The first data comes as Eli Lilly continues its decades-long quest to bring an Alzheimer’s drug to market. Remternetug follows a drug called donanemab and an unsuccessful treatment with solanezumab. Remternetug and donanemab target plaque that builds up in the brain, while solanezumab focuses on the type that swims in the brain fluid.
The Remternetug study enrolled 41 patients with early-stage Alzheimer’s disease. They were randomized to receive infusions of placebo or Remternetug in varying doses every four weeks.

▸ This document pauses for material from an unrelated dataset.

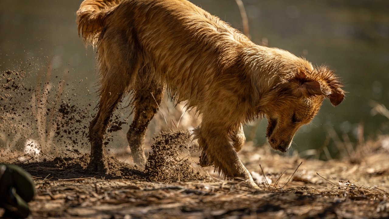 Wallpaper: red dog, dirty - 1280x720
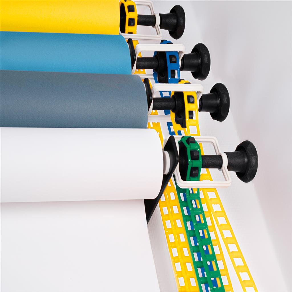 Rullateline seinään tai kattoon. Telineeseen menee 4 taustakartonkia.

Eli Lilly found the drug caused “rapid and robust” amyloid plaque clearance, the presentation said. Clearing amyloid plaque is defined as bringing the level down to 24.1 centiloids — a unit used to measure amyloid in the brain — or less.
Plaque levels are “dose dependent,” the company says. In the majority of patients who received Remternetug at the three highest dose levels, amyloid plaque had disappeared by day 169 of the study.

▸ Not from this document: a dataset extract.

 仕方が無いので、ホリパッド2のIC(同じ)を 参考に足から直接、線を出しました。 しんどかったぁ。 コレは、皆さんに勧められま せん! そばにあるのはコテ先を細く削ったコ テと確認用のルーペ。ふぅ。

The Indianapolis-based company is conducting an ongoing Phase 3 study of Remternetug, but did not specify what dose sizes it is studying. Eli Lilly expects to complete the process in 2025.
The results suggest that Remternetug “might provide more robust plaque removal” than donanemab, said JK Wall, a spokeswoman for Eli Lilly.
A phase 2 study of donanemab found that 40% of participants were treated with the drug amyloid clearance is achieved as early as six months, or approximately 182 days, after starting treatment.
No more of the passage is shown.